Due vedute dello stato attuale di degrado della torretta del Roccolo.

Appena tre anni prima il Re aveva allargato la tenuta acquistando le proprietà Massimo e Iannoni al Colle del Roccolo, nella parte nord-occidentale della villa. Lì era sorta – ad opera dell’Ufficio del Gran Cacciatore di Sua Maestà – un’originale struttura venatoria della quale ora è sopravvissuto solo lo spettrale rudere di una torretta in muratura a pianta esagonale. Un edificio perso alla memoria, vandalizzato e a rischio di crollo.
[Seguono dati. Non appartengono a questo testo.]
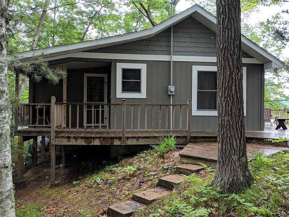 Charming 3 Bedroom Cabin on Gorgeous Peninsula Lot! Surrounded by water, there are Lake Views from every room. Level Frontage with Mature Trees and Sandy Shore. Knotty Pine interior, Fireplace and Large Outdoor space for entertaining or just enjoying the views. 2 Car Detached Garage with loft space to be finished for over flow guests or storage. One of a kind parcels. Fish, Ski, Swim and Enjoy the Lake Life!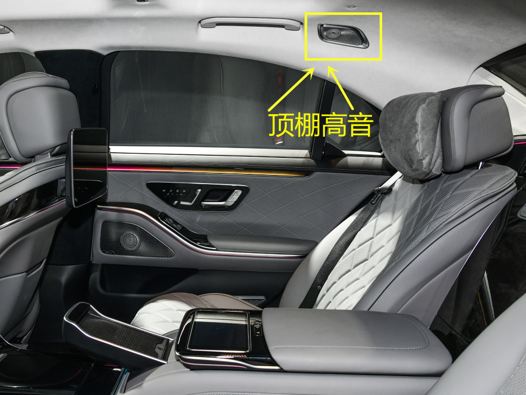 在后门中,高音和中音安装位置相邻,如果是迈巴赫系列,这个地方就是更换成了旋转高音,所以很多奔驰S级在理解中有一个误区就是误认为后门是有旋转高音的。如果这一代奔驰S级想要在后门加装旋转高音,理论逻辑上是可行的,但是也需要新技术的沉淀!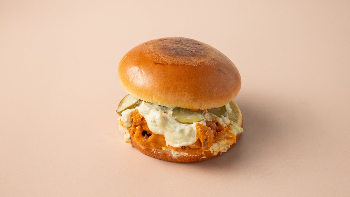 Crispy fried marinated chicken in spicy buffalo sauce, blue cheese mayo, pickles and iceberg in a brioche bun

Per ricostruirne storia e funzione si è attivato un piccolo team di ricercatori – composto dall’ingegnere Romano Moscatelli di Sotterranei di Roma, dal naturalista Flavio Tarquini dell’Orto Botanico di Roma e dal giornalista e appassionato di memoria storica Lorenzo Grassi – che ha lavorato sul campo in cerca di tracce, realizzando un inedito modello tridimensionale (elaborato dall’architetto Laura Moscatelli) per evidenziare i dettagli costruttivi. A poco a poco si è svelato così il segreto del Roccolo del Re.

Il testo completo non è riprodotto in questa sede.